[DATA EXTRACT]

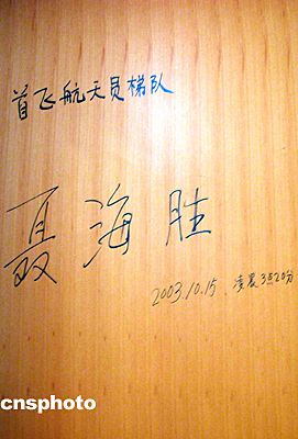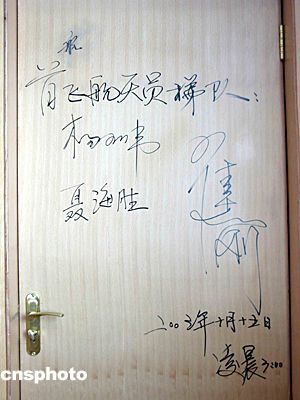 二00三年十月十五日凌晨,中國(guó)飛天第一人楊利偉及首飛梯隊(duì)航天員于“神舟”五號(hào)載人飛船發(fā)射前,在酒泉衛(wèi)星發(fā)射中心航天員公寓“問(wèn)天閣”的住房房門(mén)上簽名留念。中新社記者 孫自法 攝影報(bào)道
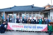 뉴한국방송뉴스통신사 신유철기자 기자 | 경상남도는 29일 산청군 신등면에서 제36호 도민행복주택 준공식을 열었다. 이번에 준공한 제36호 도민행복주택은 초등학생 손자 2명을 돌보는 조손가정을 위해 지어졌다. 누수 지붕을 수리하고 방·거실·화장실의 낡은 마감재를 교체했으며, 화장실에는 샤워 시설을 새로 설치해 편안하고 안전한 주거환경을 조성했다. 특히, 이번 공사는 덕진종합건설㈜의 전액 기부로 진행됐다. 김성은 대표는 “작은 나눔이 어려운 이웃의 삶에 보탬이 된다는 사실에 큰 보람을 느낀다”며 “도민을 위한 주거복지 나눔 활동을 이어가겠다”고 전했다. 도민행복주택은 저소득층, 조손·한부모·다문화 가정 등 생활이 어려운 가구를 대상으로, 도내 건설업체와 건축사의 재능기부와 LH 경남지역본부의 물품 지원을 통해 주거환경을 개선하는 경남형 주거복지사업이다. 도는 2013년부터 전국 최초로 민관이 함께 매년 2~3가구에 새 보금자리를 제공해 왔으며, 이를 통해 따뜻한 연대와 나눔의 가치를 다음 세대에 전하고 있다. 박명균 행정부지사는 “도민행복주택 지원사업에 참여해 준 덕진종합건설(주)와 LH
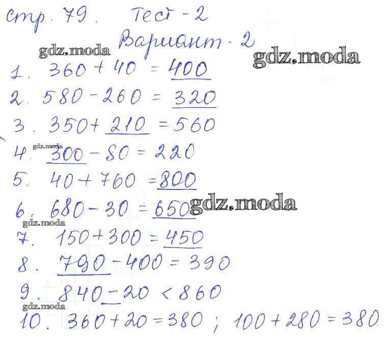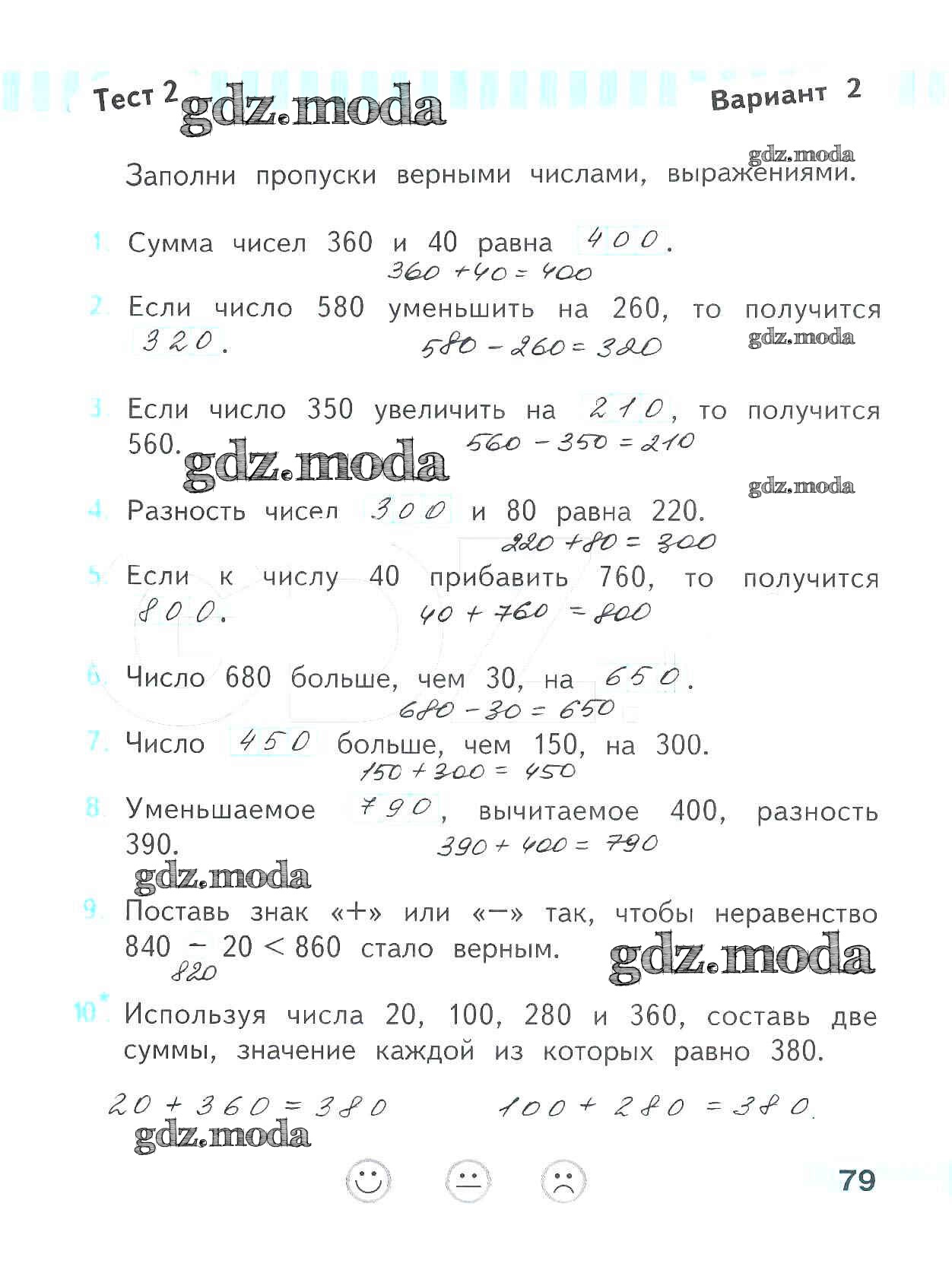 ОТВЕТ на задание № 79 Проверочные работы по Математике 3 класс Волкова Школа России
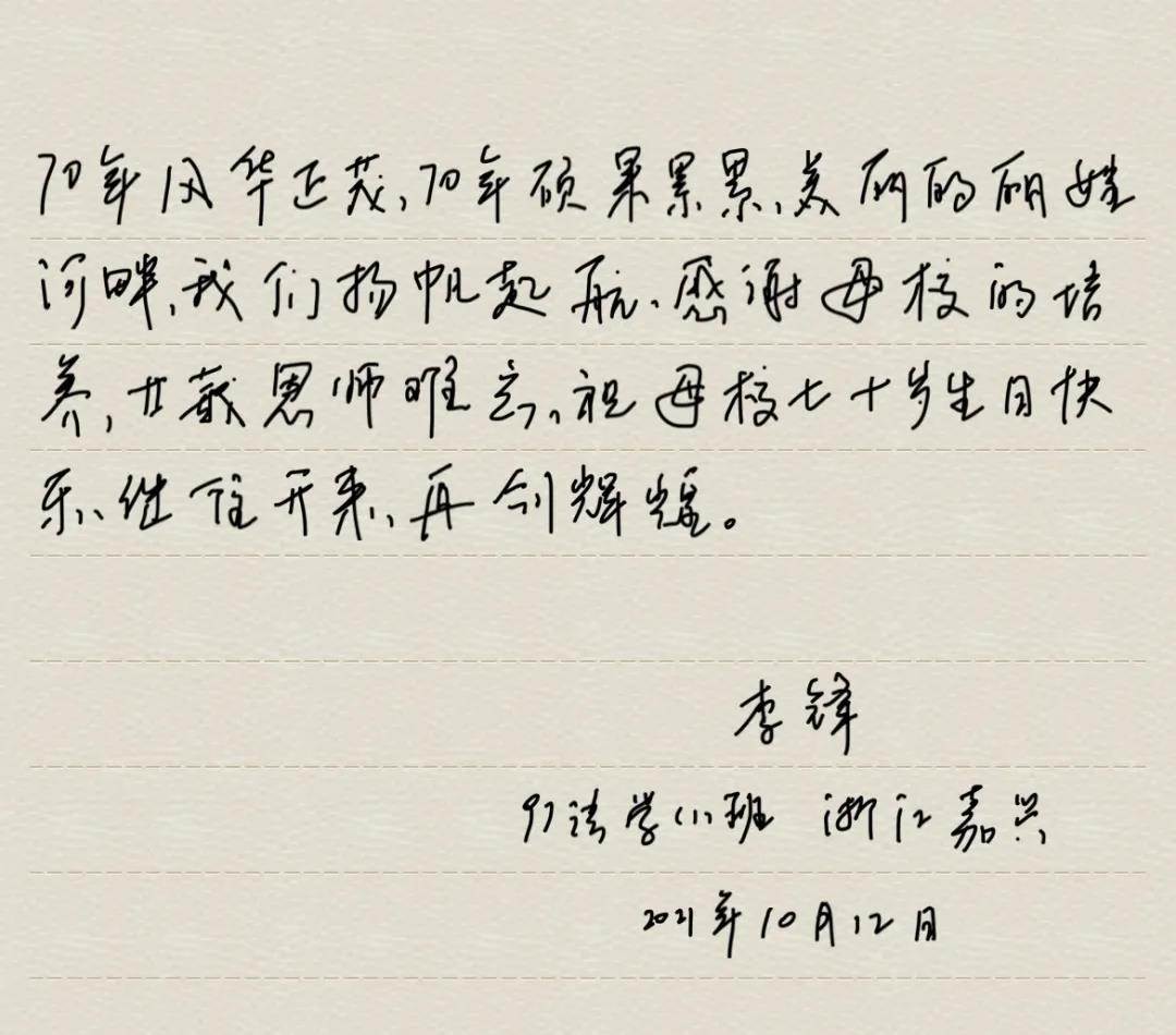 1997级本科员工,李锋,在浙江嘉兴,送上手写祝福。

[/DATA EXTRACT]

_ASSIGNMENT_:
Repeat each line above exactly. The pictures stay out.

_OUTPUT FOR THIS TASK_:
 二00三年十月十五日凌晨,中國(guó)飛天第一人楊利偉及首飛梯隊(duì)航天員于“神舟”五號(hào)載人飛船發(fā)射前,在酒泉衛(wèi)星發(fā)射中心航天員公寓“問(wèn)天閣”的住房房門(mén)上簽名留念。中新社記者 孫自法 攝影報(bào)道
 뉴한국방송뉴스통신사 신유철기자 기자 | 경상남도는 29일 산청군 신등면에서 제36호 도민행복주택 준공식을 열었다. 이번에 준공한 제36호 도민행복주택은 초등학생 손자 2명을 돌보는 조손가정을 위해 지어졌다. 누수 지붕을 수리하고 방·거실·화장실의 낡은 마감재를 교체했으며, 화장실에는 샤워 시설을 새로 설치해 편안하고 안전한 주거환경을 조성했다. 특히, 이번 공사는 덕진종합건설㈜의 전액 기부로 진행됐다. 김성은 대표는 “작은 나눔이 어려운 이웃의 삶에 보탬이 된다는 사실에 큰 보람을 느낀다”며 “도민을 위한 주거복지 나눔 활동을 이어가겠다”고 전했다. 도민행복주택은 저소득층, 조손·한부모·다문화 가정 등 생활이 어려운 가구를 대상으로, 도내 건설업체와 건축사의 재능기부와 LH 경남지역본부의 물품 지원을 통해 주거환경을 개선하는 경남형 주거복지사업이다. 도는 2013년부터 전국 최초로 민관이 함께 매년 2~3가구에 새 보금자리를 제공해 왔으며, 이를 통해 따뜻한 연대와 나눔의 가치를 다음 세대에 전하고 있다. 박명균 행정부지사는 “도민행복주택 지원사업에 참여해 준 덕진종합건설(주)와 LH
 ОТВЕТ на задание № 79 Проверочные работы по Математике 3 класс Волкова Школа России
 1997级本科员工,李锋,在浙江嘉兴,送上手写祝福。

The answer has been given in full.